New Deal and its Legacies conference keynote address

CLARE GIFFORD / THE FLAT HAT

Friday, Oct. 27, the New Deal and its Legacies, three-day joint academic conference between the College of William and Mary and Christopher Newport University, held its keynote address in the Tucker Hall theater. The 90-minute panel featured University of Pennsylvania professor emeritus of political science Adolph Reed Jr., University of Illinois-Chicago professor emeritus of English Walter Benn Michaels and University of Chicago Fairfax M. Cone Distinguished Service Professor of English and Literature Ken Warren. Christopher Newport University assistant political science professor Katie Radar moderated the panel.

Radar, associate history professor of history and Director of Undergraduate Studies Adrienne Petty, and art history professor Charles Palermo organized the conference.

“Dr. Palermo brought the three of us together, and we realized that we had common interests in this historical period, and so the conferences grew out of our shared interest in the New Deal and desire to bring scholars here who think about these issues,” Petty said. “Also, it’s the 90th anniversary of the New Deal. So we thought it was a perfect opportunity to engage in these conversations about the legacy of the New Deal, especially given our current political moment.”
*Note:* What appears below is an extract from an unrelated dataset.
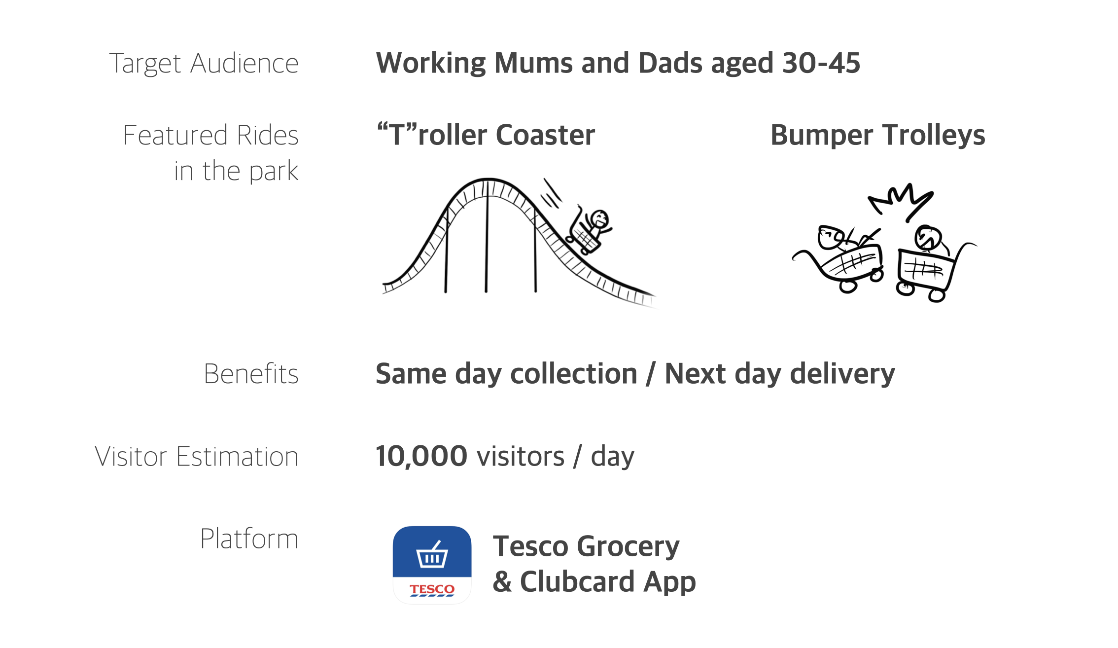 While I don't often showcase recruitment tasks in my portfolio, this design challenge from Tesco cross-overing a theme park was an exceptionally interesting project that I'm proud to include.

The New Deal refers to a series of public works projects and financial reforms implemented by the federal government in the 1930s under President Franklin D. Roosevelt in response to the Great Depression. Its long-term impact remains a source of conflict among scholars. 

Radar began by asking all three panelists about the most significant legacies of the New Deal and how the period has shaped both their political and intellectual work.

“One is the origins of the modern Civil Rights movement and the origins of the modern Women’s movement are legacies of the New Deal,” Reed Jr. said. “The idea that the government has public power. The authority of the federal government has a role to play in stabilizing the society. Making peoples’ lives better. ”

“One is the origins of the modern Civil Rights movement and the origins of the modern Women’s movement are legacies of the New Deal,” Reed Jr. said. “The idea that the government has public power. The authority of the federal government has a role to play in stabilizing the society. Making peoples’ lives better. ”

Warren underscored the forgotten significance of this era for its social reform.

“Part of what has driven this conference as well is the extent to which many of these who we, who one might think of as supporting of what we have been able to taken for granted, have now been able to turn around and make the New Deal, in some sense, the source of all contemporary ills rather than that which has given many of us the sound basis for kind of the lives we have been able to construct,” Warren said.

Panelists emphasized that the New Deal brought novel implications on representation for underrepresented groups in Virginia.

“It was becoming possible for rank and file Black Americans to think that they could hold accountable the state in a variety of forms to their own interests that did not necessarily in the first instance have to go through elite blacks as spokespersons for them,” Warren said.

In the latter half of the talk, the panelists shifted towards assessing right and left wing viewpoints of the New Deal. They particularly honed in on its role in shaping the right-wing neoliberalism movement. 

“It makes sense for us to look at the Kennedy administration as where the zygote of what later would be known as neoliberalism took shape,” Reed said.

The scholars agreed that since the 1930s, the equality promised within the New Deal has not been fully instituted. Michaels put some of the blame for this failure on left wing movements. 

“The new left manifesto sort-of talks about as if the problem of scarcity, problems of poverty have been fundamentally solved,” Michaels said. “So that turned out to be bullshit. That’s not true. Those problems have not been solved. Let’s go beyond equality which goes behind the idea that ‘Yeah, if you earned it, you’re cool’ and if you didn’t succeed, it’s your fault it’s on you.”

For more on Michaels and Reed’s work, their co-authored book, “No Politics But Class Politics”, was released in February and dedicated to Warren.